Of the 1,217 participants included in the final analytic sample, 19.6% (18.2% with symptoms at least once/month) met the 4 IRLSSG diagnostic criteria in the absence of positional discomfort or leg cramps; 14.5% reported RLS symptoms at least once/week and 10.1% indicated symptoms ≥ 3×/week. Excluding respondents with diabetes, kidney disease, or anemia reduced these rates only slightly. Those with RLS were more likely to be older, female, lower income, unemployed, disabled, non-Hispanic white, and less likely to be college educated than those without RLS. Mood and sleep impairment were significantly elevated in those with RLS; after adjustment for demographic and lifestyle characteristics, health history, and other factors, those with RLS remained significantly more likely to indicate a history of depression (adjusted odds ratio [OR] = 1.9; 95% confidence interval [CI] = 1.4, 2.6) and anxiety (OR = 1.6, CI 1.1, 2.2), to report sleep impairment both 4 (OR = 2.4, CI 1.6, 3.7) and 7 days/week (OR = 1.8, CI 1.3, 2.4), and a mean sleep duration < 5 h/night (OR = 1.7, CI 1.2, 2.3). These associations increased in both strength and magnitude with increasing symptom frequency (p's for trend ≤ 0.01).
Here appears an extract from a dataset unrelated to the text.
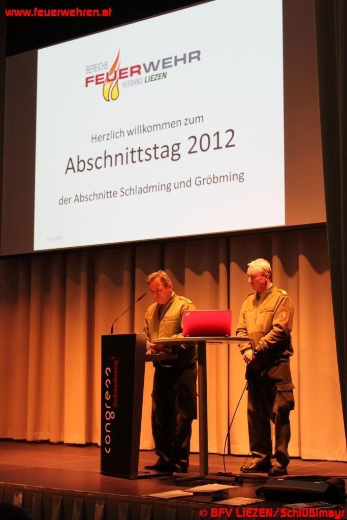 Am Freitag (23.11.2012) hielten die beiden westlichsten Feuerwehrabschnitte des Bezirkes Liezen ihren diesjährigen Abschnittstag ab und zwar erstmalig gemeinsam. Ein Pilotprojekt, zu dem Bereichskommandant-Stv. BR Heinz Hartl in seinen Grußworten den beiden Abschnittskommandanten ABI Gerd Bartl (Gröbming) und ABI Johann Lettner (Schladming) gratulierte und dankte.

Findings of this preliminary anonymous survey study suggest that RLS prevalence is high in this Appalachian primary care population and that RLS is associated with significant burden in terms of both mood and sleep impairment.
不宁腿综合征(RLS)是一种常见且令人痛苦的感觉运动障碍,其病因不明。虽然已有多项针对北美和欧洲人群的 RLS 流行病学研究,但对于包括阿巴拉契亚地区在内的贫困农村人群中的 RLS 及 RLS 负担的研究仍然很少。在这项研究中,我们调查了阿巴拉契亚地区初级保健人群中的 RLS 患病率,并研究了 RLS 与人口统计学因素、生活方式特征、睡眠质量和情绪障碍的相关性。
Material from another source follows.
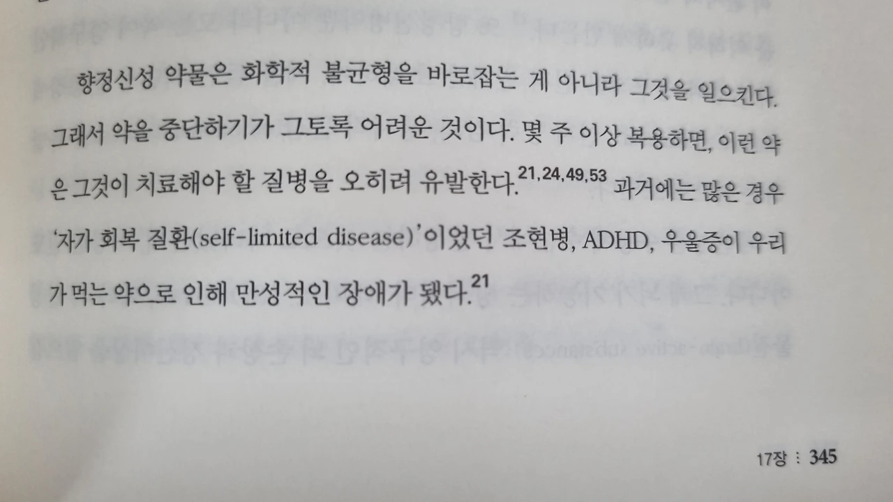 향정신성 약물은 화학적 불균형을 바로잡는 게 아니라 불균형을 더 일으킨다. 그래서 약을 중단하기가 그토록 어려운 것이다(한번 시작하면 끊기가 매우 힘듦) 몇 주 이상 복용하면, 이런 약은 정신을 치료하는 게 아니라 오히려 더 심해지게 한다. 과거에는 조현병, ADHD, 우울증이 자가 회복 질환이었다. (가만히 두면 자연회복됨 ) 하지만 이젠 약물로 인해 만성적인 장애가 되었다.

本匿名调查研究的参与者为年龄≥18 岁、居住在西弗吉尼亚州 4 家初级保健诊所的社区居民。收集的数据包括详细的睡眠模式、人口统计学特征、生活方式因素和健康/医疗史;调查还包括专门针对 RLS 诊断和严重程度的问题。回复率非常高,接触到的符合条件的成年人中有 68%(1427/2087)返回了完整的调查问卷。(N = 65)和(N = 142)关键变量缺失的孕妇被排除在分析之外。
在最终的分析样本中,1217 名参与者中有 19.6%(18.2%至少每月出现一次症状)符合 IRLSSG 的 4 项诊断标准,但不存在位置不适或腿部痉挛;14.5%报告每周至少出现一次 RLS 症状,10.1%表示每周出现症状≥3 次。排除患有糖尿病、肾病或贫血的患者后,这些比率仅略有下降。与没有 RLS 的人相比,患有 RLS 的人更有可能年龄较大、女性、收入较低、失业、残疾、非西班牙裔白人,且受教育程度较低。患有 RLS 的人情绪和睡眠障碍明显更为严重;在调整人口统计学和生活方式特征、健康史和其他因素后,患有 RLS 的人仍更有可能报告患有抑郁症(调整后的优势比[OR] = 1.9;95%置信区间[CI] = 1.4,2.6)和焦虑症(OR = 1.6,CI 1.1,2.2),报告睡眠障碍(OR = 2.4,CI 1.6,3.7)和每周 7 天(OR = 1.8,CI 1.3,2.4),以及每晚平均睡眠时间<5 小时(OR = 1.7,CI 1.2,2.3)。这些关联随着症状频率的增加而(p 值趋势<0.01)变得更强和更大。
这项初步的匿名调查研究结果表明,RLS 在阿巴拉契亚地区初级保健人群中的患病率较高,并且 RLS 与情绪和睡眠障碍的显著负担有关。